BW: What have you learned most from gun shop owners and firearm instructors? 

EB: When I started this work, it did feel like the other side to me because I’m not a gun owner myself. So when I was talking with patients who own firearms, I didn’t know what to say. It felt really awkward. But I think I have stopped viewing them as the other side. Probably the most important thing for me was recognizing my own biases and being able to break those down. 

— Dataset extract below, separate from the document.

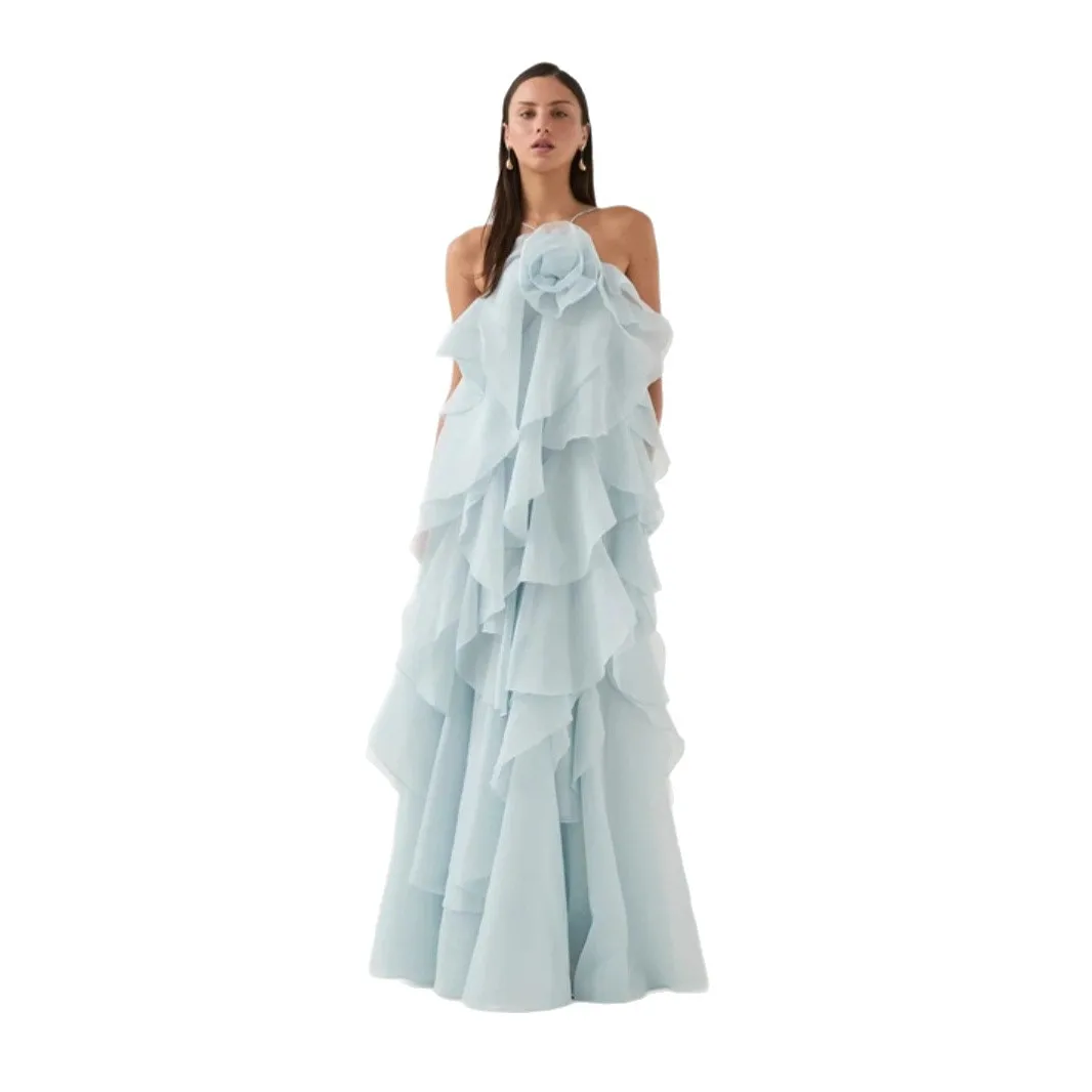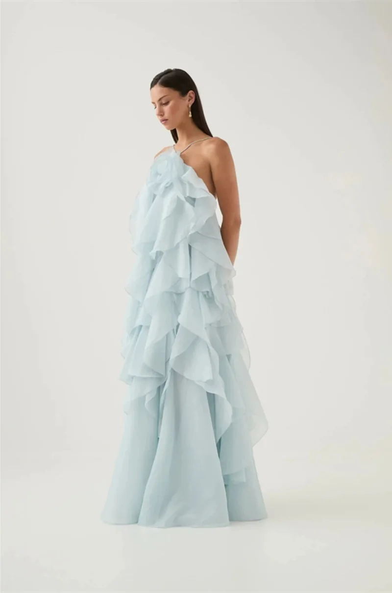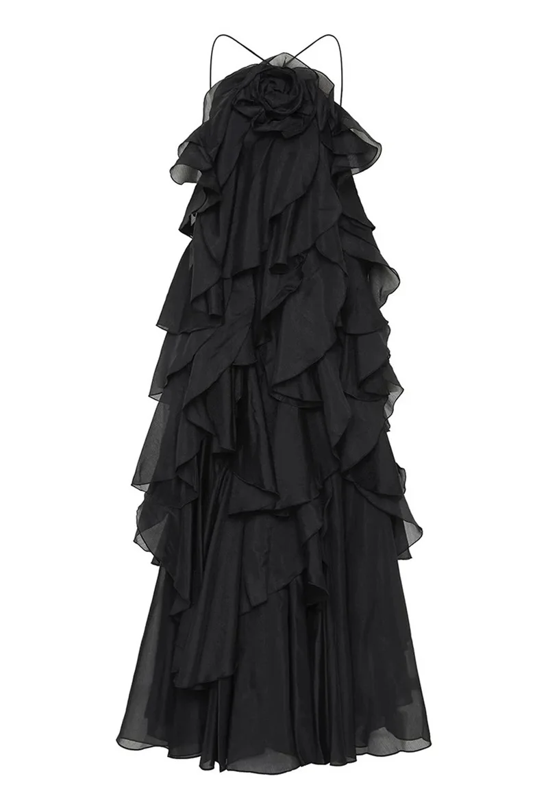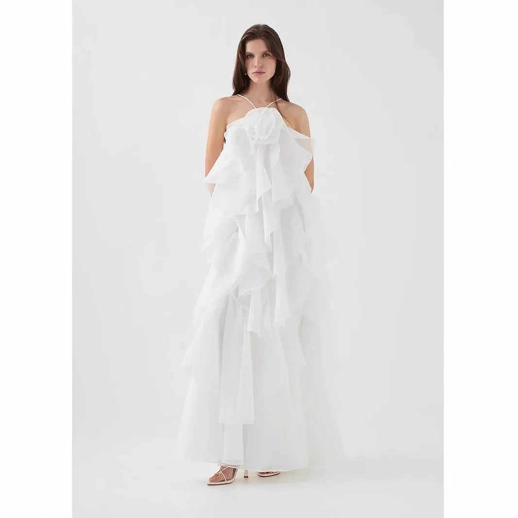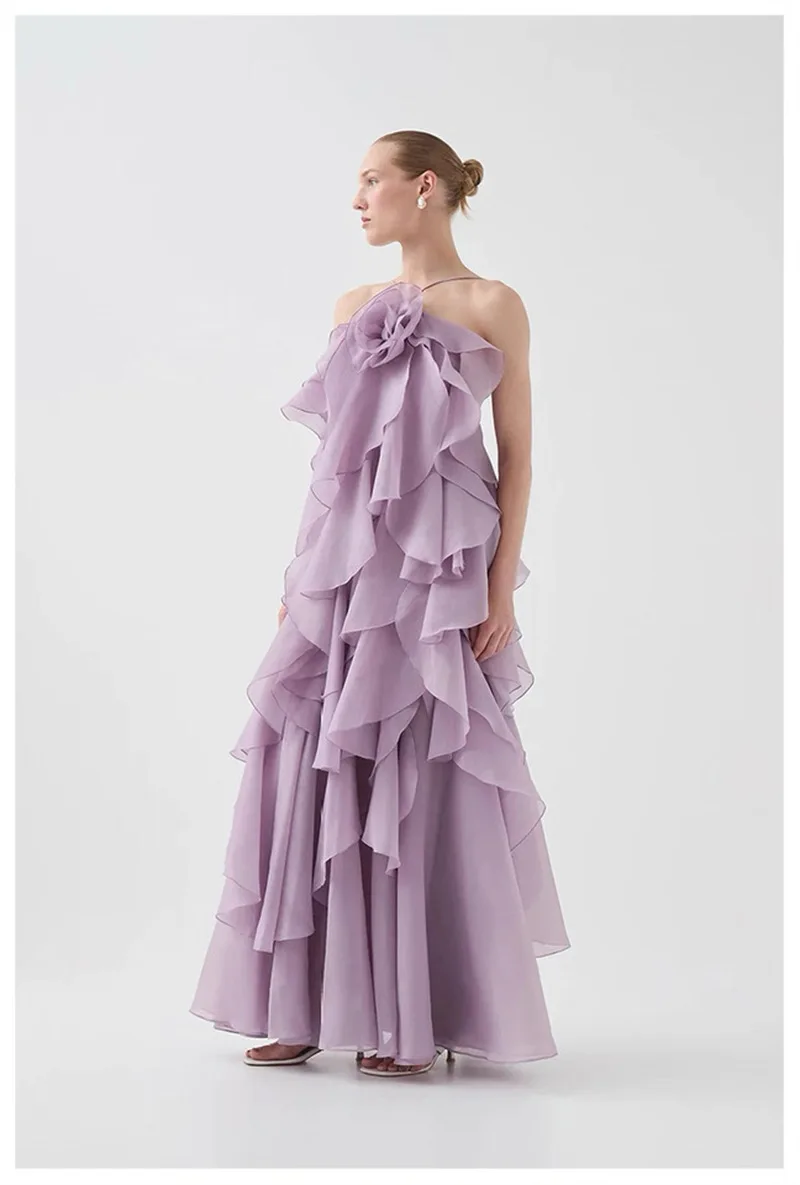 This new Australian boutique brand dress features a sexy hanging neck design with a 3D flower decoration, creating an elegant and stylish look.

And I think recognizing that for many gun owners, their reasons for owning firearms and the way they store them, they’re based on deeply held either beliefs or perspectives on safety, or response to fear. And these are behaviors or beliefs that are really hard to change. 

And so it’s not just about throwing numbers at people. I think sometimes there’s this implication that if we just tell people more numbers, that they’ll realize they were so wrong in owning guns and they’ll give them all up. And it doesn’t make any sense, because all of us have fears and respond to fear in different ways. And so I think it has really helped me think about the problem of firearm injuries and deaths from a different viewpoint — how do we use what’s called a harm reduction model of trying to reduce the risk of harm without requiring changes to underlying behaviors.

BW: As a researcher, is there any sort of quantifiable outcome of your coalition work?

EB: I wish there was. We did a firearm counseling training for physicians a couple of years ago with a very small group. We did some presentations, let physicians learn about guns and then they had the opportunity to shoot if they wanted to — I don’t think clinicians actually need to go shoot to learn how to talk about this. In that very small study, participants had increased knowledge and comfort afterwards. But with the coalition itself, there’s not really anything we can measure. Although it certainly has, in my opinion, led to new projects, new ideas and then those research projects themselves eventually may have outcomes. But you can imagine these are things that are really hard to study because it’s like, how many times did you see a billboard or a poster? And so my take on it is at the end of the day, it’s at least fostering a conversation that wasn’t happening before. And I think that’s a huge impact even if I can’t put a number on it.

BW: With mass shootings, like the one in Boulder, the gun debate tends to heat up and there’s a lot of focus on legislative solutions, but why do you think it’s important to focus on community solutions? 

EB:  I do sometimes get involved in policy, but my research background is not in policy. For me, my research comes from my role as a clinician, and I’ve been more interested in one-on-one or community interventions. As I have been doing this work, I have felt sometimes I can have a bigger impact by staying a little bit away from policy, if that makes sense. So I do work writing and speaking, talking about evidence and talking about science. But I generally don’t get involved in lobbying or direct advocacy because I feel like sometimes the messages get twisted a lot and I’m working hard to build trust and build these relationships that are really important. 

BW: How do you find common ground to address these issues?

EB: We do have a lot of common ground here. None of us wants to be losing friends or family, gun owners don’t want these things to be happening. We might disagree on how to get there, but we have a common goal. And I think if we keep that in focus, I think it can really help. If we really want to make progress, we have to stop and listen to each other. Clearly this strategy of just yelling at each other is not working. And there’s a lot of good that I think we can do together.